Chapitre 3 : Les hormones ovariennes

3.1. Les œstrogènes

3.1.8. Œstrogènes et neuromodulation du système dopaminergique

Le 17β-estradiol module le système dopaminergique à plusieurs niveaux, dont la synthèse et le métabolisme de la DA, ainsi qu’une modulation des récepteurs et des transporteurs dopaminergiques (Di Paolo 1994, Becker 1999, Sanchez et coll. 2010).

3.1.8.1. Le cycle œstral

De nombreuses études effectuées chez les rongeurs ont montré que les différentes étapes de la neurotransmission dopaminergique varient au cours du cycle œstral (Di Paolo 1994). Le striatum est sujet à des fluctuations dans les niveaux de 17β-estradiol et de progestérone au cours du cycle œstral, d'une manière similaire à celle observée dans le plasma (Morissette et coll. 1992). Dans le cycle œstral chez la ratte, les niveaux de 17β-estradiol sont élevés dans la matinée et dans l'après-midi du proestrus, et les niveaux de progestérone sont élevés en diestrus I et dans l'après-midi du proestrus (Morissette & Di Paolo 1993b).

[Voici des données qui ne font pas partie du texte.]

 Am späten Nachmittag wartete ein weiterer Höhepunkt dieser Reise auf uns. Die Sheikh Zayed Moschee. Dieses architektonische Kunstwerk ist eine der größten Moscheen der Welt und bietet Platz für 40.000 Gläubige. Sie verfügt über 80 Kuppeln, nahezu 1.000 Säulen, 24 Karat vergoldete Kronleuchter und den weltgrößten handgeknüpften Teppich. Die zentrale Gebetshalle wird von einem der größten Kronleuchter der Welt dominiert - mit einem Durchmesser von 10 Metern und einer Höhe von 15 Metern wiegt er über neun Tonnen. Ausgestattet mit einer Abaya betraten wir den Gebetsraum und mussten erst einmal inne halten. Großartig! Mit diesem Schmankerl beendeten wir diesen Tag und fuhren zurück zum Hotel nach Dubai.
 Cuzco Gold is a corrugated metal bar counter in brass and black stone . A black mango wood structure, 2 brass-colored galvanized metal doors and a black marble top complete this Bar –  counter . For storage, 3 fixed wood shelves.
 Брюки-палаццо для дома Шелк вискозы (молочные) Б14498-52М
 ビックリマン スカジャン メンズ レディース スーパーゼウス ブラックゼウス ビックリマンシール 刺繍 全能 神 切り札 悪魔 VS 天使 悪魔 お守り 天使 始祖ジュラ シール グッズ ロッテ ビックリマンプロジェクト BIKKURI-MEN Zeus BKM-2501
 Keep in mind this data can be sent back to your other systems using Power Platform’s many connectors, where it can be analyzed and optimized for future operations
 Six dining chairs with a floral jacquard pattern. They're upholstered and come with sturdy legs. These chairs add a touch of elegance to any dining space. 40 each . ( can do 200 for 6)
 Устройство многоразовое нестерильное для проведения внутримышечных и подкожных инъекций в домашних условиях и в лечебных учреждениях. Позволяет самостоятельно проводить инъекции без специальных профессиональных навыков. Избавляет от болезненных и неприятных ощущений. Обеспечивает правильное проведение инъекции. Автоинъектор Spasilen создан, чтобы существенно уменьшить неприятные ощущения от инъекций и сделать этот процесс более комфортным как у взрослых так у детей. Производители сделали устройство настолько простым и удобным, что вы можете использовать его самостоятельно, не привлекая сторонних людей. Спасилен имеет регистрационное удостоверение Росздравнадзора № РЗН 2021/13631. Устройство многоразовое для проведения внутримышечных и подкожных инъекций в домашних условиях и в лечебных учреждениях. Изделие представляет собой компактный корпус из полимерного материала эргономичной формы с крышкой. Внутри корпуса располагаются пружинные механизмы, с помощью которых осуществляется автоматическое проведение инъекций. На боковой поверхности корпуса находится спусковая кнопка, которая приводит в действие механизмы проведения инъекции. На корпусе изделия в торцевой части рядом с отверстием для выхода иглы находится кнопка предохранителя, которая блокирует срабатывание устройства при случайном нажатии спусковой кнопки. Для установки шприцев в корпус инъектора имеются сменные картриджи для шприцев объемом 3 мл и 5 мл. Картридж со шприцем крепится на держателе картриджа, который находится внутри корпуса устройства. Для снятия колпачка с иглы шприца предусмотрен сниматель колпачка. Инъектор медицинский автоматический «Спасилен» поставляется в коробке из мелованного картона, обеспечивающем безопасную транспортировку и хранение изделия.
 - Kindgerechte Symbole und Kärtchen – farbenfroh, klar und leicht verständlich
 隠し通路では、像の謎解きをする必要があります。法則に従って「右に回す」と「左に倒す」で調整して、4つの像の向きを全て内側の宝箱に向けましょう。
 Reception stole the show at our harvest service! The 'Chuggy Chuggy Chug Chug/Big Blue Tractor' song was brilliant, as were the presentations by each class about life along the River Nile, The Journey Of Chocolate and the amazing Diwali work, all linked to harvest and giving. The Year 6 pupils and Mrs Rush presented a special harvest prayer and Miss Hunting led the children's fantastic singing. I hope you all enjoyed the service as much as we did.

49 Les concentrations de DA, la densité du DAT et du récepteur D1, ainsi que la proportion des sites de haute et de basse affinité du récepteur D2, varient selon les concentrations endogènes de 17β-estradiol dans le striatum durant le cycle œstral (Di Paolo 1994). En effet, les concentrations de DA et de DOPAC, ainsi que la densité du DAT, sont plus élevées en proestrus (lors de l’augmentation des niveaux endogènes de 17β-estradiol), tandis que le rapport des sites de haute et de basse affinité du récepteur D2 et la densité des récepteurs D1 sont augmentés en diestrus (lorsque les niveaux de 17β-estradiol sont bas et que les niveaux de progestérone sont élevés) (Di Paolo et coll. 1988, Levesque et coll. 1989, Morissette & Di Paolo 1993b). Les concentrations striatales de DA extracellulaire sont plus élevées en proestrus et en œstrus comparativement à la période diestrus (Xiao & Becker 1994). La comparaison directe entre les mesures biochimiques et comportementales n'est pas aussi simple car les tests comportementaux sont effectués sur un cycle lumière-obscurité inversé, contrairement aux mesures biochimiques. Cette différence affecte les niveaux de stéroïdes entre les différentes phases du cycle œstral. Par conséquent, lors d’un cycle lumière- obscurité inversé, les rats en œstrus ont des niveaux plus élevés de17β-estradiol que lors de la diestrus, et les niveaux de progestérone sont à leurs plus hauts (Becker & Cha 1989). Les tests comportementaux montrent que lorsque l'AMPH est administrée pour stimuler le système dopaminergique striatal, la libération de DA et les comportements moteurs induits par l'AMPH sont à leurs plus hauts niveaux chez les rats en œstrus et sont à leurs plus bas niveaux lors de la période diestrus (Becker & Cha 1989). Ainsi, les études biochimiques et comportementales montrent que les variations endogènes des niveaux de 17β-estradiol et de progestérone induisent des changements dans la transmission dopaminergique.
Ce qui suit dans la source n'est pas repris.